§ WHAT THE TASK REQUIRES
Write out, from the entries below, exactly the lines that run between the lines holding "cutting it off." and "You are purchasing", inclusive, and stop there.

§ RECORDS FOR THIS EXERCISE
BEGIN
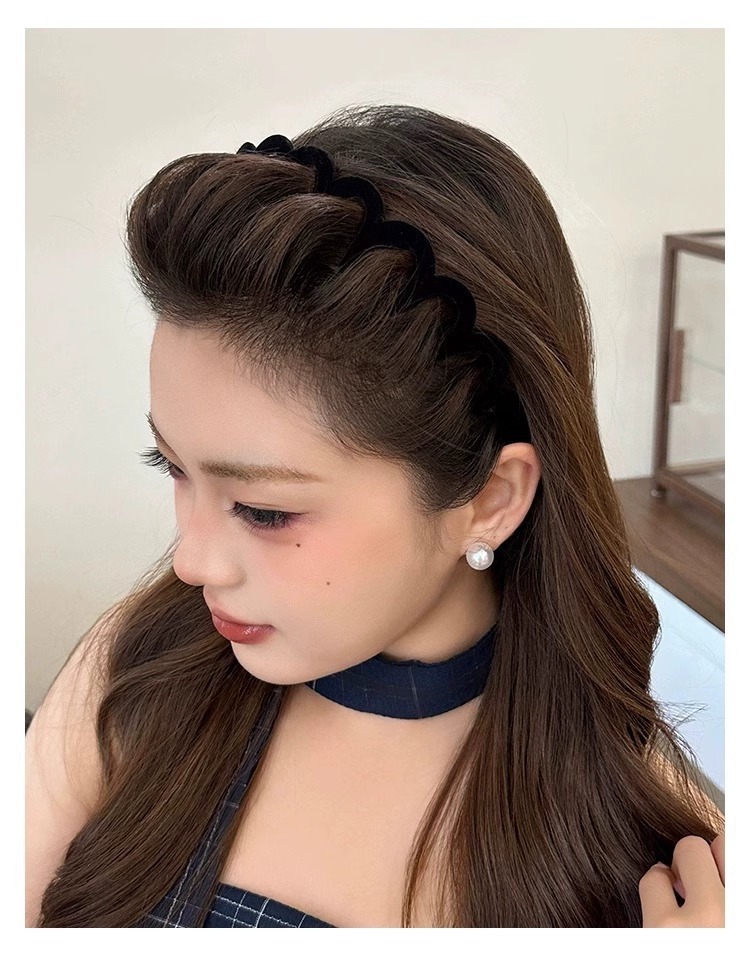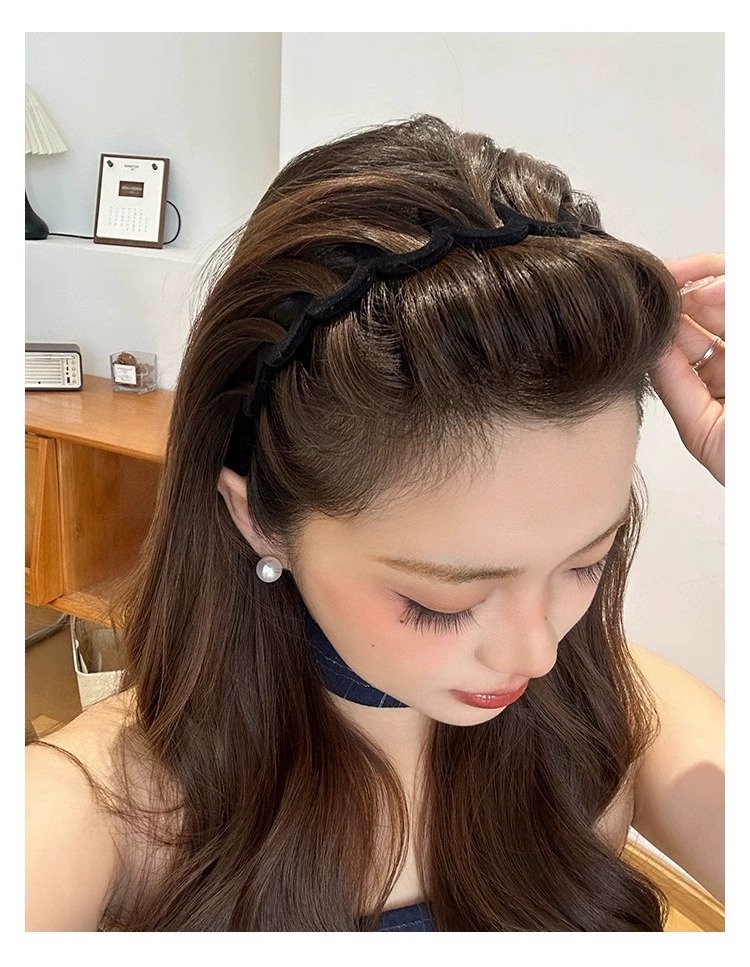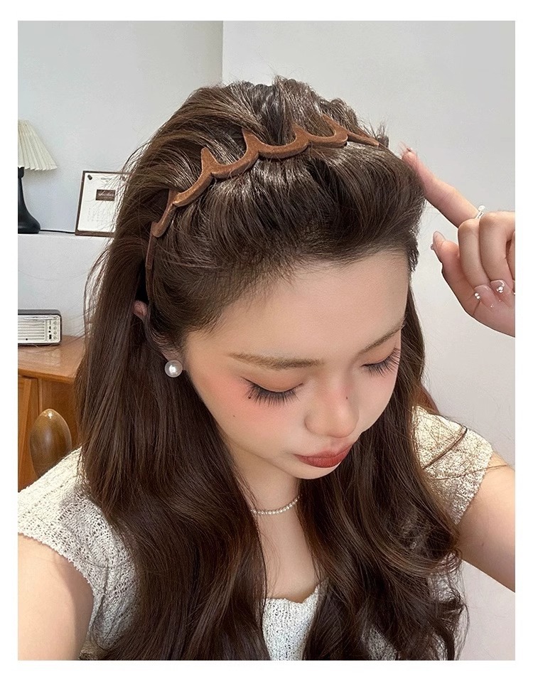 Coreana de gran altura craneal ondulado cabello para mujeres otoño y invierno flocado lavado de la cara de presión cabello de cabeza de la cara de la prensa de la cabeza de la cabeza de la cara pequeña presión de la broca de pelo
END
BEGIN
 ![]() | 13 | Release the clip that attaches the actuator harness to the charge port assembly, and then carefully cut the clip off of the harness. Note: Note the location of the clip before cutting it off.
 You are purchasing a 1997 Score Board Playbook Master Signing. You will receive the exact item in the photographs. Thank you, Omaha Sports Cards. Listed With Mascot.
END
§ ANSWER SPACE
 ![]() | 13 | Release the clip that attaches the actuator harness to the charge port assembly, and then carefully cut the clip off of the harness. Note: Note the location of the clip before cutting it off.
 You are purchasing a 1997 Score Board Playbook Master Signing. You will receive the exact item in the photographs. Thank you, Omaha Sports Cards. Listed With Mascot.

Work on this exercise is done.